[Task statement] The records below must be output exactly, with no images carried over.

[Records for this task]

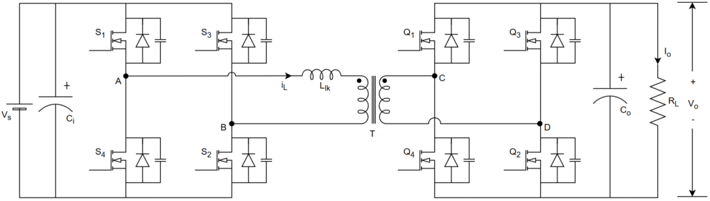 The circuit diagram of single phase dual active bridge (DAB) resonant converter is shown in below Fig. This converter is useful in bidirectional power flow in battery charging and discharging applications.
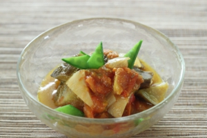 3. 蓋をして野菜に火が通るまで煮る。ゆでたきぬさやを加えて出来上がり。
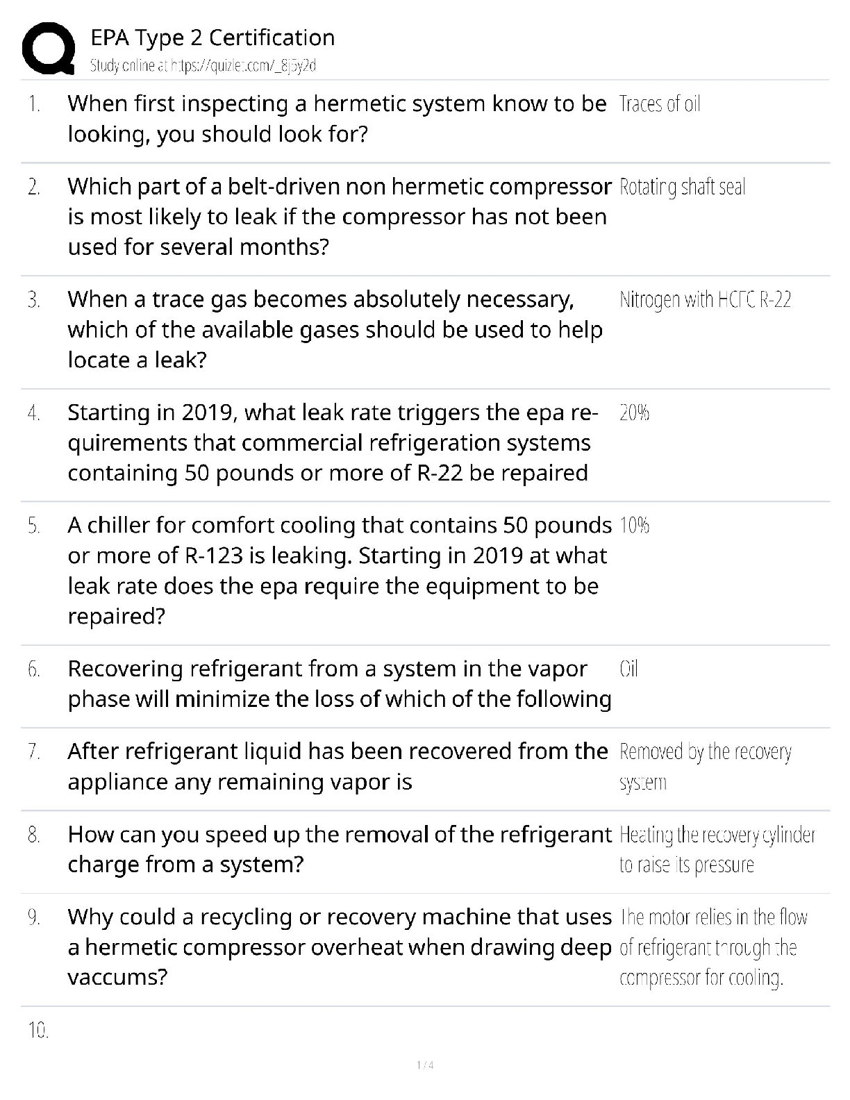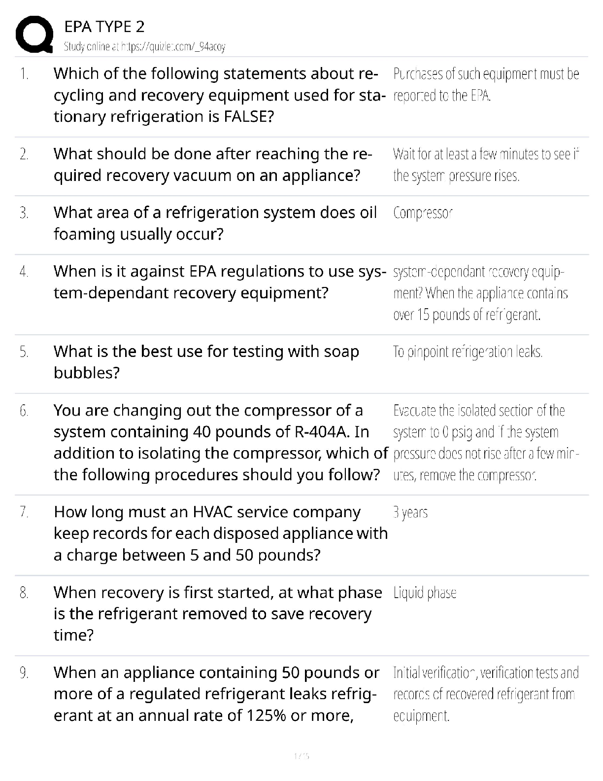 Emergency Preparedness & Management > QUESTIONS & ANSWERS > EPA Type 2 Certification / High-Pressure Appliances Exam / 2026 Update / Practice Test & Study Guide (All)
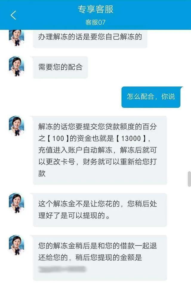 “你贷款被冻结,应该是银行卡填错了,你去核对一下银行卡号吧。”当王某联系客服询问贷款提现不了的原因时,客服如此回答。
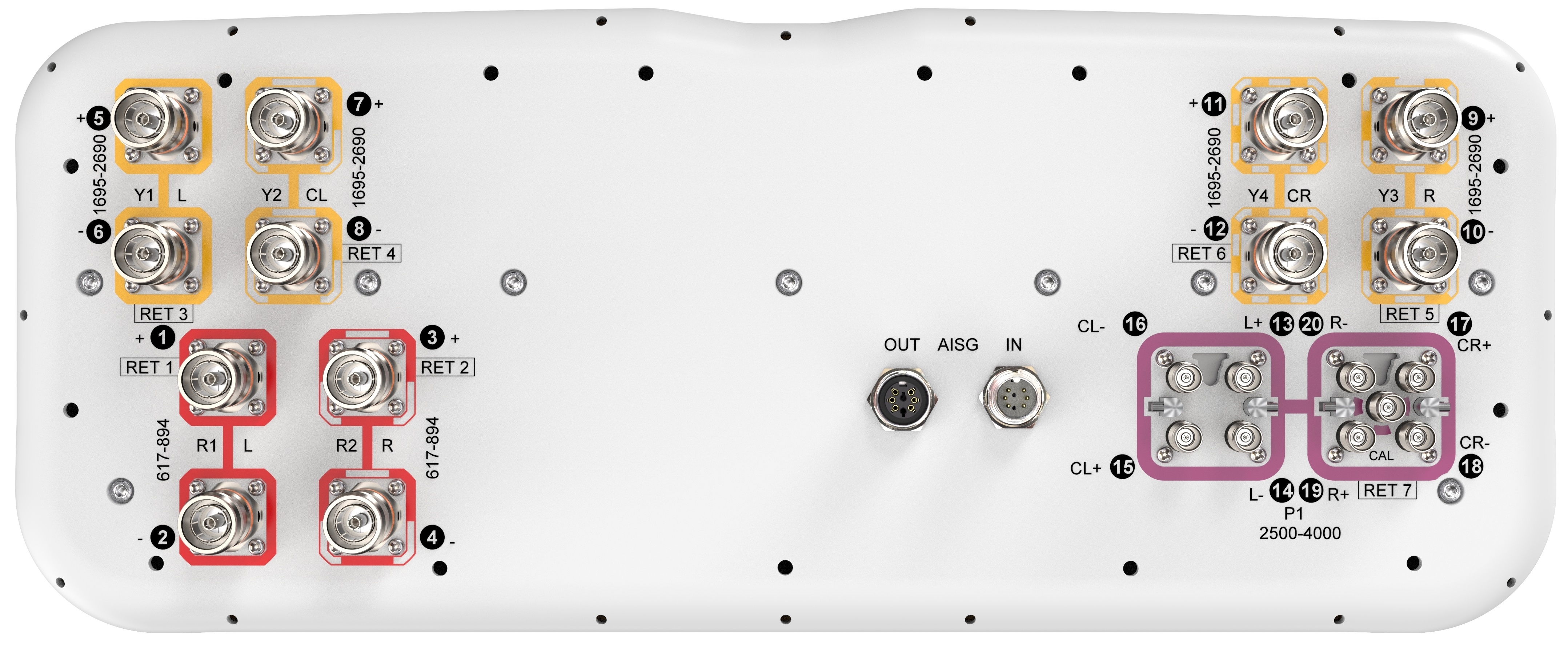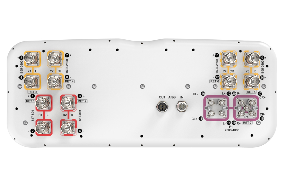 20-port sector antenna, 4x 617-894, 8x 1695-2690 MHz 65° HPBW and 8x 2500-4000 MHz, Beamformer, 7x RET
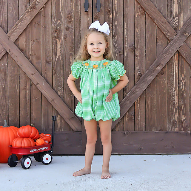 Paradise Pumpkin Green Smocked Bubble

[Task response]
 The circuit diagram of single phase dual active bridge (DAB) resonant converter is shown in below Fig. This converter is useful in bidirectional power flow in battery charging and discharging applications.
 3. 蓋をして野菜に火が通るまで煮る。ゆでたきぬさやを加えて出来上がり。
 Emergency Preparedness & Management > QUESTIONS & ANSWERS > EPA Type 2 Certification / High-Pressure Appliances Exam / 2026 Update / Practice Test & Study Guide (All)
 “你贷款被冻结,应该是银行卡填错了,你去核对一下银行卡号吧。”当王某联系客服询问贷款提现不了的原因时,客服如此回答。
 20-port sector antenna, 4x 617-894, 8x 1695-2690 MHz 65° HPBW and 8x 2500-4000 MHz, Beamformer, 7x RET
 Paradise Pumpkin Green Smocked Bubble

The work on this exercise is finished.